_EXERCISE_
Output exactly, in the material below, the lines from the one with "ind-ustry and so on." through the one with "Гачок Brain Wide Gap c". Omit all pictures.

_EXTRACTED ENTRIES_
= = = =
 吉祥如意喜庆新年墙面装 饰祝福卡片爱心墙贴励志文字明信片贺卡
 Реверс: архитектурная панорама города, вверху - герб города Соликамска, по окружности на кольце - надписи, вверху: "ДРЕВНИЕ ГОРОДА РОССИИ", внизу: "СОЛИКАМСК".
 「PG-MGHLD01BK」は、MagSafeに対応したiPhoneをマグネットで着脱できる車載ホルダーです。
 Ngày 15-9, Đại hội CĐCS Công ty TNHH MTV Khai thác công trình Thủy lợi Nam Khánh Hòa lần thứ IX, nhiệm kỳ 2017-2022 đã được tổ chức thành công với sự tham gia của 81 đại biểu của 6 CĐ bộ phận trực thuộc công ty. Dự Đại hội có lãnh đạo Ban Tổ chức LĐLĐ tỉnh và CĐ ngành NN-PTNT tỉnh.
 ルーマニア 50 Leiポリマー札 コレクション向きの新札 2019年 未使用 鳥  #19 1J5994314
= = = =
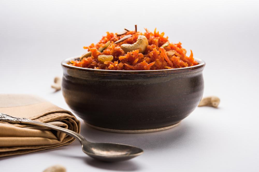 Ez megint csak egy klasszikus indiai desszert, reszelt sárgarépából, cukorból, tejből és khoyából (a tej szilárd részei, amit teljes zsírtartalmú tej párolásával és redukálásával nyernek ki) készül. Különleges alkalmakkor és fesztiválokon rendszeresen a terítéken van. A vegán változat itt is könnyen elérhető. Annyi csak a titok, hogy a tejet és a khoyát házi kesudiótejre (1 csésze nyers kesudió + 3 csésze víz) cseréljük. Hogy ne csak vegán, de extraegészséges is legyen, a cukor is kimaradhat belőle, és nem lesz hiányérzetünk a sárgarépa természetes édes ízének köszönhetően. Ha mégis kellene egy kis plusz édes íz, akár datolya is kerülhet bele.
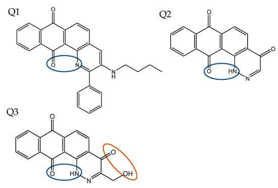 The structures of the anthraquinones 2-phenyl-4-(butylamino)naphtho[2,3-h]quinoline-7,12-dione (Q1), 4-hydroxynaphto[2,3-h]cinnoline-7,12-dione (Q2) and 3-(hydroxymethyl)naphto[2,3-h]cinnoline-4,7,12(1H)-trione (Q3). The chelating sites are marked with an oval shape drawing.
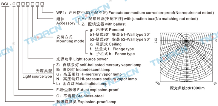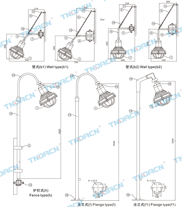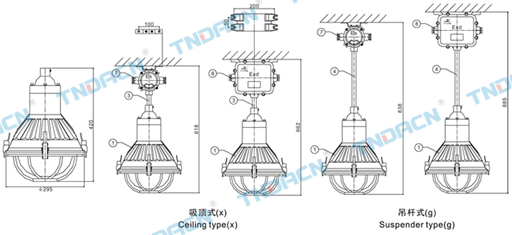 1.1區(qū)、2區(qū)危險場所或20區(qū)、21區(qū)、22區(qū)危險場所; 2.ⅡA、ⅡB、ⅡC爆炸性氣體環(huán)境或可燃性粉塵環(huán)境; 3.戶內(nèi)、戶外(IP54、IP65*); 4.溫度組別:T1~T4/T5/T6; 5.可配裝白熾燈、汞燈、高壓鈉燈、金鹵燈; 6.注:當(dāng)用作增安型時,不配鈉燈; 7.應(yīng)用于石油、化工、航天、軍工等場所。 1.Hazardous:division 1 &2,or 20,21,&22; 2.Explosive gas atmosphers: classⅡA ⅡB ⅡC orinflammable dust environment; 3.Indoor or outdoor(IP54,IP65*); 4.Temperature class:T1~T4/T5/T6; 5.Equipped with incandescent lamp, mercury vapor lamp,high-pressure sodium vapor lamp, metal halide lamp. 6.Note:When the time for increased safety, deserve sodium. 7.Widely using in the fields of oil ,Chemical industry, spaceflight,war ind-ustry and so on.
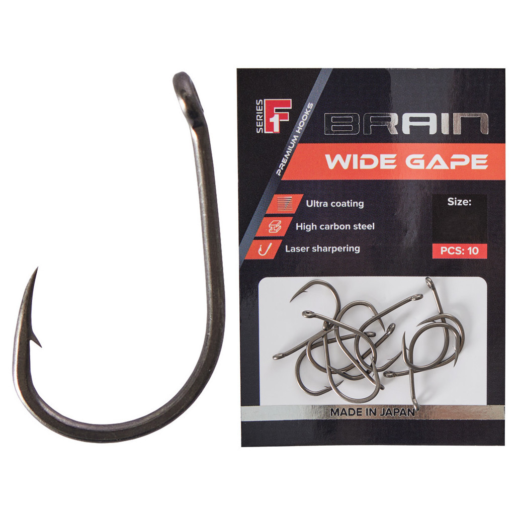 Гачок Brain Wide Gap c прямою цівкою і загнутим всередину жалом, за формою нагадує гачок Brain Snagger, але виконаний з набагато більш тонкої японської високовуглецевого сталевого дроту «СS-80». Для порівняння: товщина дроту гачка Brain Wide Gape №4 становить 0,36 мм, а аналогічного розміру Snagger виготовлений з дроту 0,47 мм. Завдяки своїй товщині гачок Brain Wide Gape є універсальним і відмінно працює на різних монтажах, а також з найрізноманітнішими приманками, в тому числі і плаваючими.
= = = =
_SOLUTION_
 1.1區(qū)、2區(qū)危險場所或20區(qū)、21區(qū)、22區(qū)危險場所; 2.ⅡA、ⅡB、ⅡC爆炸性氣體環(huán)境或可燃性粉塵環(huán)境; 3.戶內(nèi)、戶外(IP54、IP65*); 4.溫度組別:T1~T4/T5/T6; 5.可配裝白熾燈、汞燈、高壓鈉燈、金鹵燈; 6.注:當(dāng)用作增安型時,不配鈉燈; 7.應(yīng)用于石油、化工、航天、軍工等場所。 1.Hazardous:division 1 &2,or 20,21,&22; 2.Explosive gas atmosphers: classⅡA ⅡB ⅡC orinflammable dust environment; 3.Indoor or outdoor(IP54,IP65*); 4.Temperature class:T1~T4/T5/T6; 5.Equipped with incandescent lamp, mercury vapor lamp,high-pressure sodium vapor lamp, metal halide lamp. 6.Note:When the time for increased safety, deserve sodium. 7.Widely using in the fields of oil ,Chemical industry, spaceflight,war ind-ustry and so on.
 Гачок Brain Wide Gap c прямою цівкою і загнутим всередину жалом, за формою нагадує гачок Brain Snagger, але виконаний з набагато більш тонкої японської високовуглецевого сталевого дроту «СS-80». Для порівняння: товщина дроту гачка Brain Wide Gape №4 становить 0,36 мм, а аналогічного розміру Snagger виготовлений з дроту 0,47 мм. Завдяки своїй товщині гачок Brain Wide Gape є універсальним і відмінно працює на різних монтажах, а також з найрізноманітнішими приманками, в тому числі і плаваючими.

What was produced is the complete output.